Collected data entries
Content starts
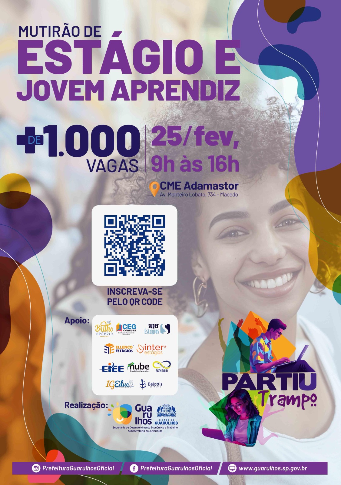 O Centro Municipal de Educação Adamastor (avenida Monteiro Lobato, 734 – Macedo) receberá nesta quarta-feira (25) o Mutirão Volta às Aulas, iniciativa da Prefeitura de Guarulhos que irá oferecer mais de 1.000 vagas de estágio e Jovem Aprendiz destinadas a estudantes dos ensinos médio e superior com idade entre 15 e 29 anos.
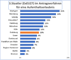 Der Anteil der Drittstaatler im Antragsverfahren ist jedoch in Leipzig mehr als doppelt so groß wie in Dresden und variiert unter den 15 Städten zwischen 2% in Bremen und 21% in Stuttgart erheblich.
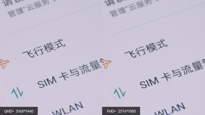 1080P和3K分辨率在日常大多数应用中的感知并不强烈,这其中UI的APP的适配也是一个重要的问题。在显示文字的时候分辨率的差别会相对明显一些,通过上图对比可以看到左边开启QHD+分辨率后的文字边缘的锯齿明显少很多,斜边过度更加平滑自然。
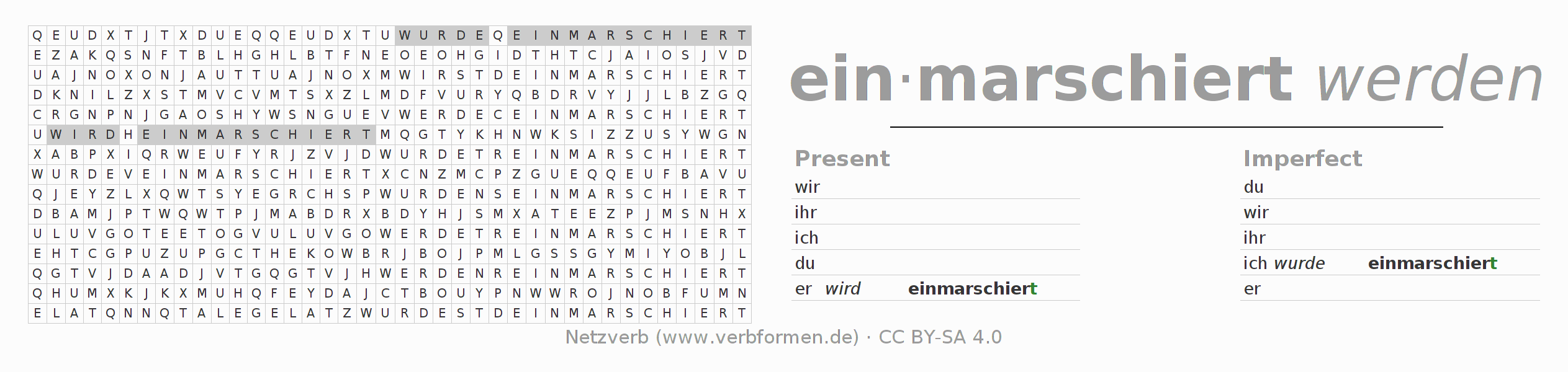 The word search puzzle for einmarschieren or short word search is used to playfully learn German conjugation. First of all, the individual verb forms of the verb einmarschieren must be created in order to find them in the letter grid. The reverse way is also possible. If one finds a flected verb in the search word puzzle, it is necessary to find out which verb form can be assigned. For printing and downloading, there is a PDF version or an image. There are also many more worksheets for the verb einmarschieren. All materials are available as Open Educational Resources (OER) under license CC BY- SA 4.0 and can be used free of charge.
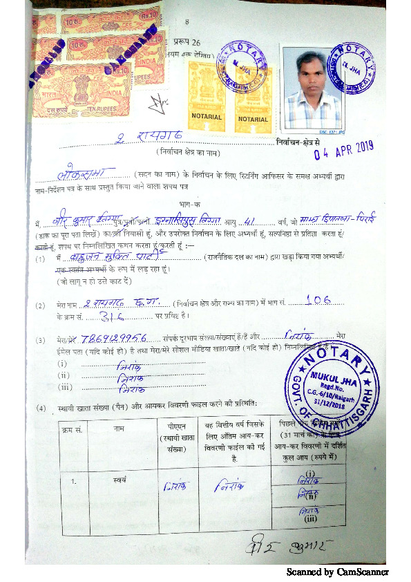 | சத்தீசுகர் | Janjgir-champa | Tuesday, 23 April 2019 | Lakhan Lal Chauhan Alias Lakhala Danav(Affadavit) | Guharam Ajgalley |
Content ends
Exactly as written, restate all of the data, leaving out the images.

_Exercise answer_:
 O Centro Municipal de Educação Adamastor (avenida Monteiro Lobato, 734 – Macedo) receberá nesta quarta-feira (25) o Mutirão Volta às Aulas, iniciativa da Prefeitura de Guarulhos que irá oferecer mais de 1.000 vagas de estágio e Jovem Aprendiz destinadas a estudantes dos ensinos médio e superior com idade entre 15 e 29 anos.
 Der Anteil der Drittstaatler im Antragsverfahren ist jedoch in Leipzig mehr als doppelt so groß wie in Dresden und variiert unter den 15 Städten zwischen 2% in Bremen und 21% in Stuttgart erheblich.
 1080P和3K分辨率在日常大多数应用中的感知并不强烈,这其中UI的APP的适配也是一个重要的问题。在显示文字的时候分辨率的差别会相对明显一些,通过上图对比可以看到左边开启QHD+分辨率后的文字边缘的锯齿明显少很多,斜边过度更加平滑自然。
 The word search puzzle for einmarschieren or short word search is used to playfully learn German conjugation. First of all, the individual verb forms of the verb einmarschieren must be created in order to find them in the letter grid. The reverse way is also possible. If one finds a flected verb in the search word puzzle, it is necessary to find out which verb form can be assigned. For printing and downloading, there is a PDF version or an image. There are also many more worksheets for the verb einmarschieren. All materials are available as Open Educational Resources (OER) under license CC BY- SA 4.0 and can be used free of charge.
 | சத்தீசுகர் | Janjgir-champa | Tuesday, 23 April 2019 | Lakhan Lal Chauhan Alias Lakhala Danav(Affadavit) | Guharam Ajgalley |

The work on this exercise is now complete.